Invriezen voorkomt gevaarlijk bederf. Maar waarom bestaan er dan houdbaarheidstermijnen voor diepvriesproducten? Die hebben vooral te maken met (ongevaarlijke) kwaliteitsvermindering.
Waarom een THT-datum?
Eten invriezen is een geweldige conserveermethode. Bevroren eten blijft probleemloos eetbaar, zolang de stroom tenminste niet uitvalt. Het wordt echter wel langzaamaan minder lekker. Daarom staat op diepvriesproducten een Tenminste Houdbaar Tot-datum. Tot deze datum heeft het voedsel de beoogde kwaliteit, als je het tenminste meteen invriest na het boodschappen doen. Die THT kun je eigenlijk best negeren, want door na het ontdooien te proeven kun je prima zelf beslissen of je vriesvoorraad nog bruikbaar is.
Omdat de meeste micro-organismen zich niet vermenigvuldigen onder het vriespunt, bederft bevroren voedsel niet gevaarlijk. Micro-organismen blijven echter wel leven in de vriezer en bij het ontdooien groeien ze ook weer verder. Je kunt een bedorven levensmiddel dus niet ‘redden’ door het in te vriezen, want bij het ontdooien is het nog even bedorven en bederft het verder. Daarom wordt het afgeraden na ontdooien opnieuw in te vriezen: er zijn dan nieuwe bacteriën bijgekomen. Als je in de koelkast ontdooit, valt dat erg mee, maar beter is het om je eten in porties in te vriezen en te ontdooien.

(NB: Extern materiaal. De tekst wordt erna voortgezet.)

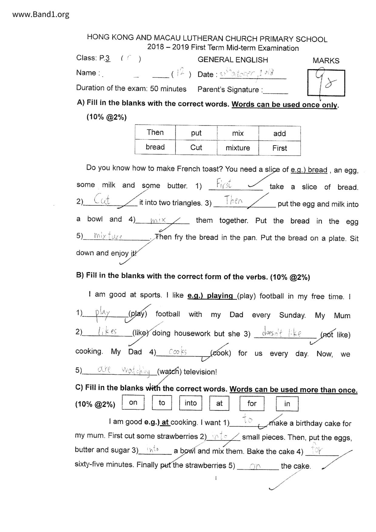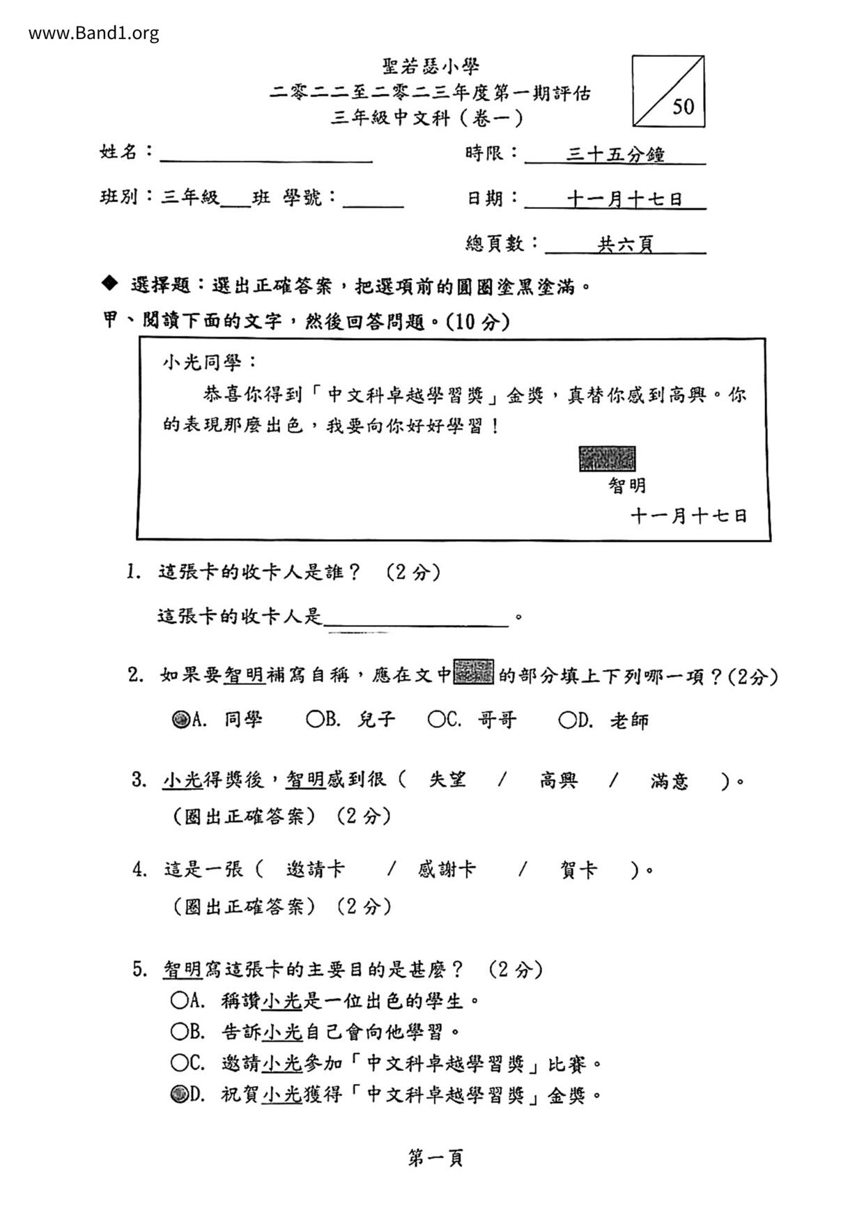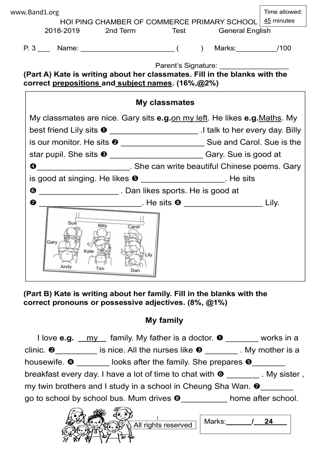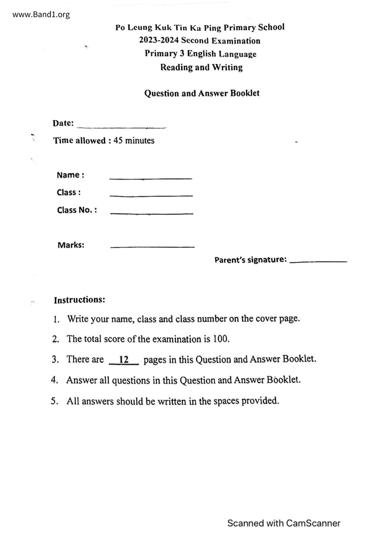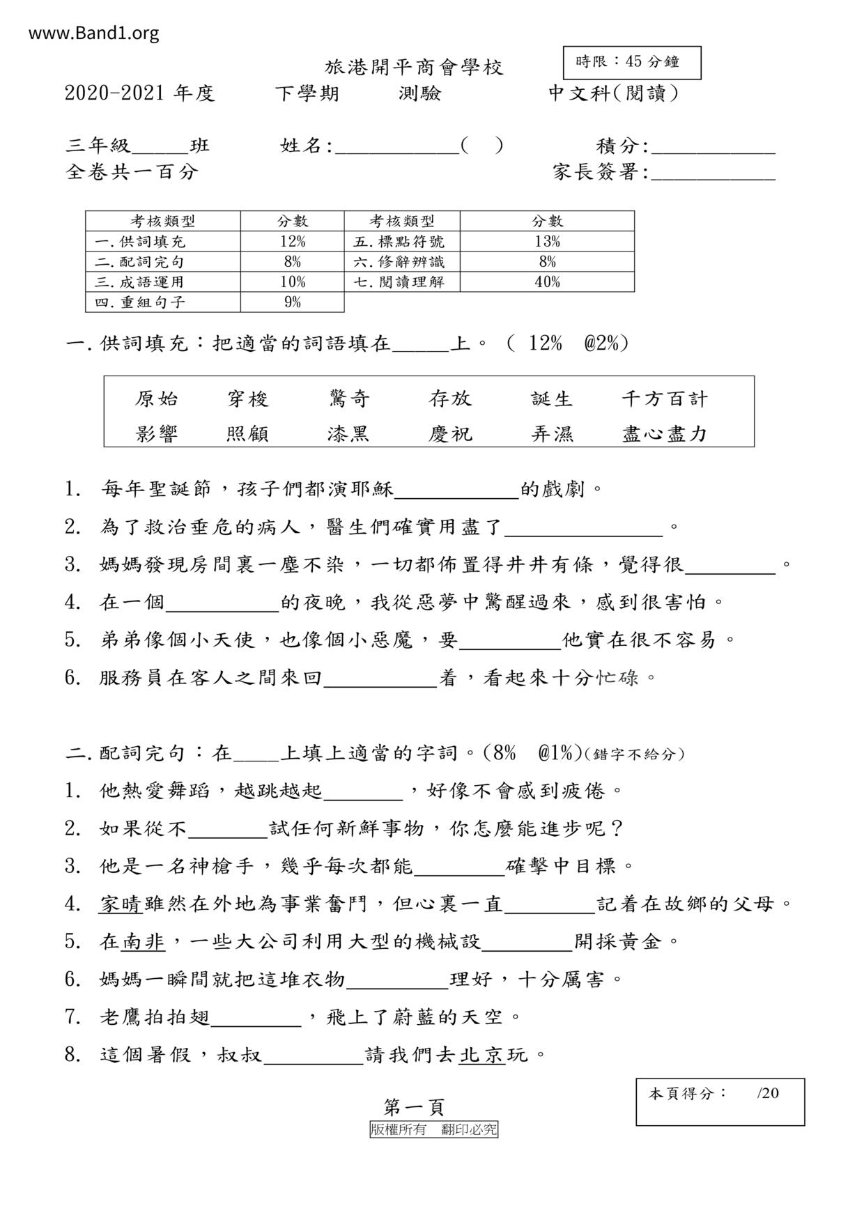 小三 英文 中華基督教會灣仔堂基道小學(九龍城)

Niet gevaarlijk, maar minder lekker
In de vriezer vindt heel langzaam allerlei ongevaarlijk bederf plaats, wat je zeker vanaf drie maanden gaat merken. Bevroren vet vlees en vis worden soms ranzig omdat vetmoleculen door zuurstof uiteenvallen. Door vacuüm te verpakken voorkom je dat. In de vriezer sublimeert water uit bijvoorbeeld vlees, brood en groenten, waardoor ijskristallen op de buitenkant ontstaan. Dat heet ‘vriesbrand’. Ontdooid smaken die producten uitgedroogd. Vers ingevroren groenten en fruit kunnen verkleuren of van smaak veranderen, wat je kunt beperken door ze eerst te blancheren. Daardoor nemen ze bovendien meer ruimte in. In dierlijke producten die te langzaam invriezen, zoals garnalen, kan ‘eiwitdenaturatie’ ontstaan, waardoor ze nat en slap zijn na het ontdooien. Hoe snel bederf optreedt, hangt af van de invriessnelheid. Dat wordt uitgedrukt in sterren: * betekent tot -6 °C, ** tot -12 °C, *** tot -18 °C en **** tot lager dan -18 °C. Hoe meer sterren, hoe beter, maar invriezen gaat altijd sneller als je producten tegen de vrieswand aan legt, zo luchtdicht mogelijk verpakt en je niet te veel tegelijk invriest.
Kun je alles invriezen?
Niet alles kan worden ingevroren. Omdat bevriezend water uitzet, knappen rauwe eieren en te volle flessen en potten. Vette melkproducten zoals volle melk, yoghurt, crème fraîche, zure room en sauzen met eieren (bijvoorbeeld mayonaise) schiften soms bij ontdooien. Tere bladgroenten zoals sla en postelein, komkommer en radijsjes gaan kapot en worden papperig. Aardappels worden rauw ingevroren zacht en zoet en na het koken of bakken een beetje muf. Hardgekookte eieren worden wat rubberachtig. Ingevroren stukken kaas worden korrelig en droog, maar geraspte kaas geeft geen problemen. Het beste blijft natuurlijk altijd: zorg voor datumetiketjes en tijdig opeten!
Om in te vriezen heb je geen plastic ‘diepvriesdoosjes’ nodig. Omdat ik zelf niet zo dol op plastic ben, gebruik ik altijd glazen schalen (met een plastic deksel), weckpotten (ook weer met een plastic deksel) en lege potjes van bijvoorbeeld jam. Maak de glazen potten en schalen niet tot aan de rand toe vol, maar laat een centimetertje vrij boven het voedsel.